Legislators also worked this year to remove the long-standing exclusion of farmworkers from Virginia’s minimum wage. This exclusion is rooted in Jim Crow-era attempts by white southern elites to maintain a two-tier wage system and thereby undermine interracial solidarity, while suppressing wages for Black workers and therefore their own labor costs. Although survey data on farmworkers in Virginia is limited, the stories and observations gathered by farmworker organizers show this exclusion primarily harms Latino workers today. Unfortunately, HB157, which would have undone this exclusion, was also vetoed by the governor on March 28.

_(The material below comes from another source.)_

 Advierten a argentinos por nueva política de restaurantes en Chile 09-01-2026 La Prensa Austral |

Some public policies directly impact wages, while other policies — like the rules and limitations around collective bargaining — indirectly impact both wages and the overall ability of working people to exert influence over their working conditions and our society as a whole. When working people are able to join together and collectively bargain over wages, benefits, and working conditions, they are able to improve their own wages and benefits, which also results in higher wages for non-union workers and a higher level of participation in (small-d) democratic structures. That’s why unions were the bedrock of the expansion of the middle class and increase in living standards during the post-WWII years. By contrast, it’s no coincidence that the intentional erosion of labor unions in the past 40 years has coincided with greater inequality and a stagnating standard of living for most working people.

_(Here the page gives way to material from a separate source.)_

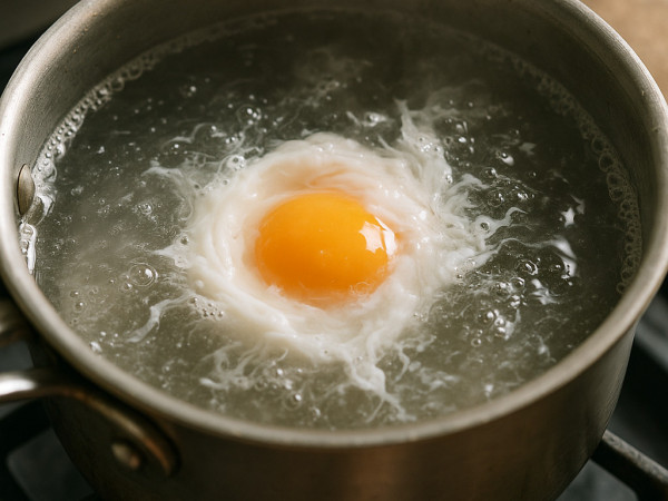 Heat a couple of inches of water in a small saucepan until it’s boiling, then add a splash of vinegar and turn the heat down so the water is just simmering gently. Crack your egg into a small cup or ramekin, then carefully slide it into the simmering water. Let it poach for about 3 to 4 minutes, until the whites are set but the yolk is still a little runny. Use a slotted spoon to lift the egg out and place it on a paper towel to drain. Season with salt and pepper.

Currently in Virginia, state employees — people like the teaching, nursing, and cleaning staff at our public colleges and hospitals, highway maintenance workers, and retail workers at ABC stores — are prohibited by state law from collective bargaining. Local government and school board employees are only allowed to collectively bargain if their employer passes a resolution or ordinance opting in. This year, legislators put forward a proposal to recognize collective bargaining rights for state workers and to strengthen collective bargaining for local government and school employees. Virginia’s long-time ban on collective bargaining by state and local workers is rooted in state suppression of organizing by Black workers. The first General Assembly resolution against state agencies and local governments recognizing and bargaining with unionized workers was in response to Black workers organizing at UVA hospital in the 1940s, and that resolution was cited in the 1977 Supreme Court of Virginia decision saying local governments didn’t have the right to bargain with unions. In 2020, legislators partially lifted the ban for local workers but created a complex opt-in system rather than fully recognizing collective bargaining rights, while not making any progress at the state level. Unfortunately, this year’s proposals to strengthen recognition of collective bargaining rights did not advance from the House and Senate “money committees.”
As we look to build a commonwealth where every family can thrive, more progress must be made on these key labor protections to support working people.